Steve Braunias: The Apprentice Episode 1 review – Killer sharks and sacrificial lambs

OPINION

One of the chief attractions of reality series The Apprentice – there aren’t many but the lesson of business is that you have to take what you can get – is that it’s a return to simpler values. It has the warm glow of an old-timey way of life. It revisits the concept that greed is really, really good.

We live in an age where kindness is valued and educators try to tell children that sport isn’t about winning or losing. The Apprentice turns the clock back to the 1980s when success was best measured by how many people you stabbed in the back to get to the top.
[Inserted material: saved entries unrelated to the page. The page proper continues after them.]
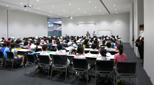 フローティングスクール(研修室で説明を聞くこどもたち)
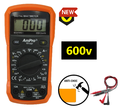 Livré avec son cordon et sa coque de protection, ce multimètre digital possède un écran rétroéclairé, une fonction continuité buzzer ainsi qu’un test de diode.
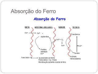 1) Ferro é um metal essencial para a síntese de hemoglobina e formação de hemácias e está presente em vegetais verdes, cereais, fígado e carnes vermelhas.
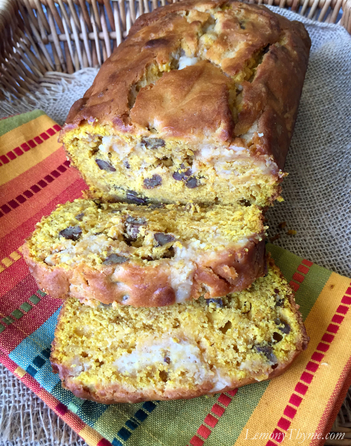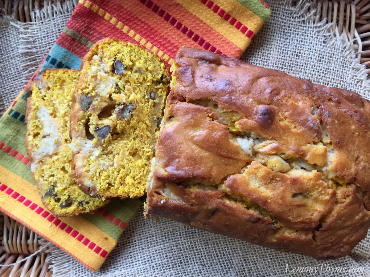 So about that failed attempt at a cream cheese swirl.  At the last minute I decided to add an ever popular twist.  With the batter already in my loaf pans, I softened 4 ounces of cream cheese and stirred in a 1/2 cup brown sugar.  Dolloped it on top and tried to swirl it into the batter.  I’m leaving that part out of the recipe below, although feel free to give it a go.

The opening episode on Monday night concluded with a frenzy of stabbing and it made for tremendous entertainment.

Mike Pero sits in the boss’s chair. He presents himself as an avatar of wealth creation. Twelve quite boring contestants bowed before him on Monday night and said they wanted to be just like him.

There were 11 contestants after Pero delivered the famous line that still manages to shock: “You’re fired!” HR weren’t consulted; employment lawyers or union representatives didn’t get the call; once again, The Apprentice enjoyed the freedoms of the bad old days, when dog could eat dog and spit out the bones.

The contestants are set an assignment in every episode. On Monday night, they had to make, package, and sell a brand of popcorn.

The male team was led by Michael, an auctioneer who didn’t shut up for a minute. He viewed language as a club tobeat reality to death. He said of the popcorn bag his team created: “We had a consistent colour”. But the bag was in black and white.

When he claimed the product was vegan, and a man from a supermarket pointed out that it contained honey and was therefore not, in fact, vegan, Michael countered: “That’s a moot point”. But it wasn’t moot at all.

He was instructed to choose the two least effective members of his team and sit with them in front of Pero’s firing squad. The three pleaded their case which is to say they bagged each other something wicked.

Michael said, “Don’t put your weaknesses onto me and make them my issue!” Great line! Told by one of Pero’s advisers that he had a bad habit of talking over people, he talked over her. Got to love this guy! He’s a shark, he’s a tiger – he’s also another kind of monster. With his gaslighting (“Don’t put your weaknesses onto me”) and his alternative facts (“That’s a moot point”), he’s a Trump.

Michael survived. Pero fired some guy who owned up that he was a bit useless. He was a lamb who volunteered for his own slaughter. It didn’t make a lick of sense and he only had himself to blame but the other contestants didn’t care. They’re still in the game. It’s quite good to watch.